ACTIVITY – Taking the data below, please print only the lines from the line holding "Stůl je vyrobený" to the line holding "但隨后想起前一天的情況后,該", inclusive, with pictures omitted.

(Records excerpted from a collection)
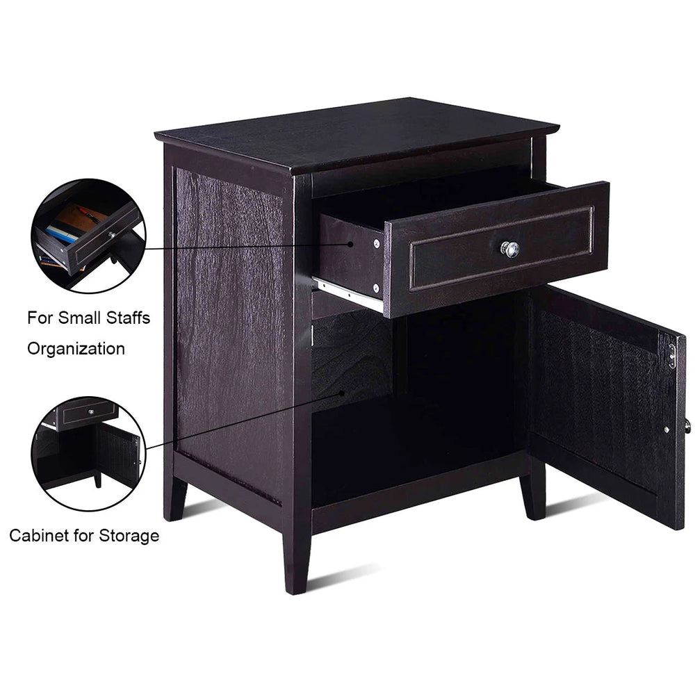 Color: Dark Brown Material: MDF + Pine Wood Overall Dimension: 19" x 15" x 25" (L×W×H) Net Weight: 21lbs Weight Capacity of Tabletop: 66lbs Weight Capacity of Cabinet: 22lbs Weight Capacity of Drawer: 11lbs Package Includes: 1×End Table 1×User’s Manual
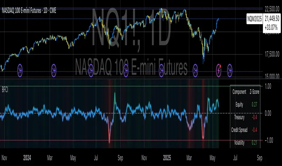 The implementation presented in this Pine Script indicator represents a proxy of the original Bloomberg Financial Conditions Index, attempting to capture its essential features while acknowledging several significant constraints. Most critically, while the original BFCI incorporates approximately 50 financial variables, this proxy version utilizes only six key market components due to data accessibility limitations within the TradingView platform.
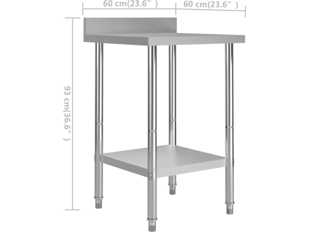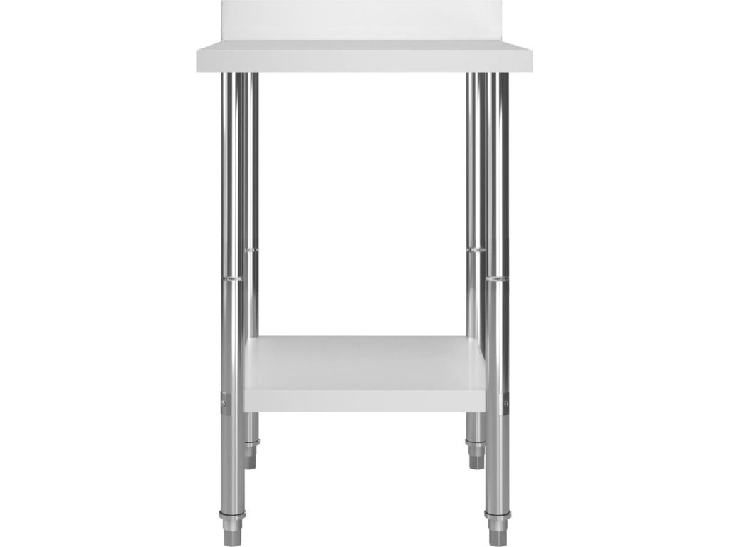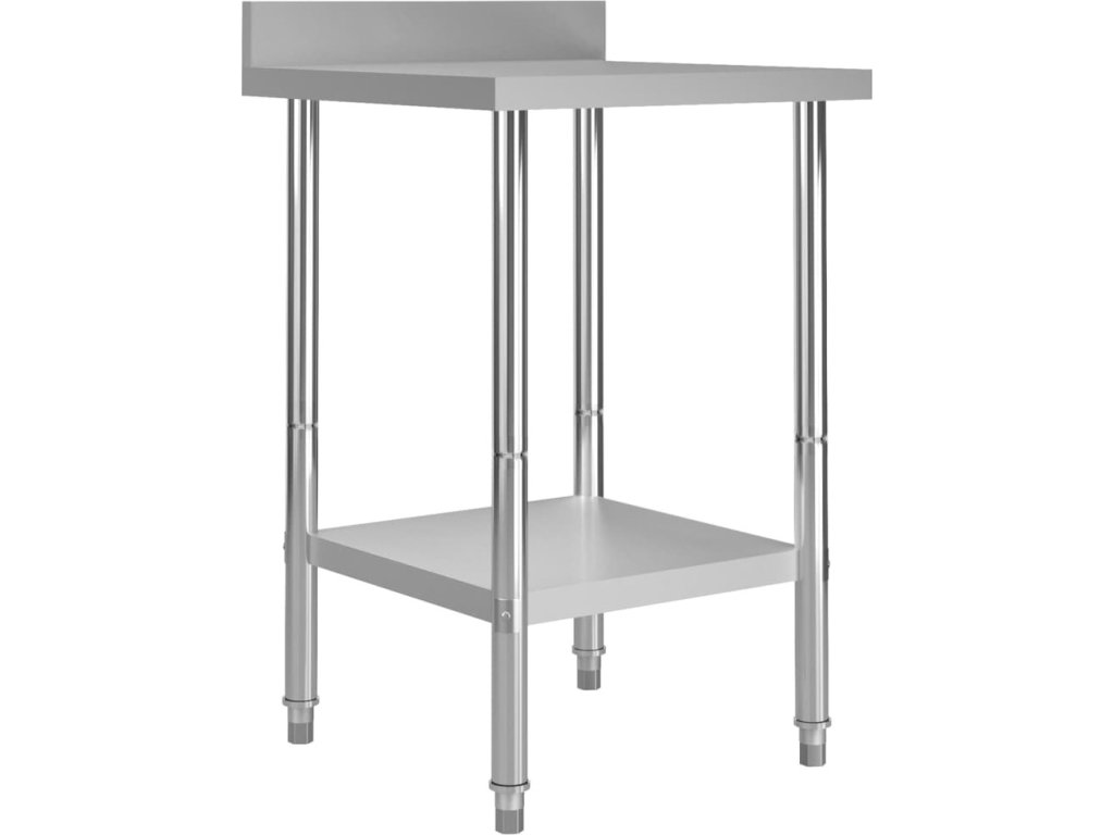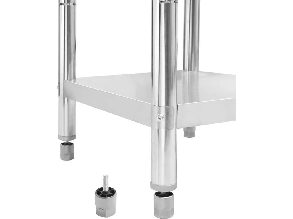 Stůl je vyrobený z nerezové oceli vysoké kvality, a tak vydrží i každodenní náročné používání. Snadno se také čistí. Navíc je vybavený praktickou zadní obrubou, která zpříjemňuje jeho použití. Ve spodní části se nachází police, kde si můžete zorganizovat váš úložný prostor. Nohy s funkcí vyrovnávání mají neklouzavý design, který zaručuje skvělou stabilitu a zároveň chrání podlahu.
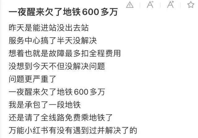 但隨后想起前一天的情況后,該網(wǎng)友也是意識到了問題,這是地鐵的收費(fèi)的系統(tǒng)出現(xiàn)了問題。此前新聞也爆出過此類問題,刷公交,地鐵等不斷扣費(fèi)的情況。于是不再慌張,并把情況發(fā)到了小紅書之上尋求幫助。而自己也前往地鐵部門進(jìn)行協(xié)商。
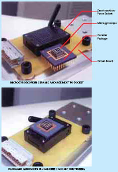 The modifications include a redesign of the microgyroscope package to eliminate the vibration-isolation beams while providing acceptably high Q values (4 × 104). The modified design includes a plug-in feature for quick testing (see figure). The plasma etch has been replaced by a wet etch, using a specially formulated KOH-based solution, that does not leave spikes. The design of the bridges has been modified to incorporate double notches, such that they can be cut without producing much debris, and a special suction tool resembling one used by a dentist has been developed to collect flying debris during cutting.

REPLY TO THE EXERCISE –
 Stůl je vyrobený z nerezové oceli vysoké kvality, a tak vydrží i každodenní náročné používání. Snadno se také čistí. Navíc je vybavený praktickou zadní obrubou, která zpříjemňuje jeho použití. Ve spodní části se nachází police, kde si můžete zorganizovat váš úložný prostor. Nohy s funkcí vyrovnávání mají neklouzavý design, který zaručuje skvělou stabilitu a zároveň chrání podlahu.
 但隨后想起前一天的情況后,該網(wǎng)友也是意識到了問題,這是地鐵的收費(fèi)的系統(tǒng)出現(xiàn)了問題。此前新聞也爆出過此類問題,刷公交,地鐵等不斷扣費(fèi)的情況。于是不再慌張,并把情況發(fā)到了小紅書之上尋求幫助。而自己也前往地鐵部門進(jìn)行協(xié)商。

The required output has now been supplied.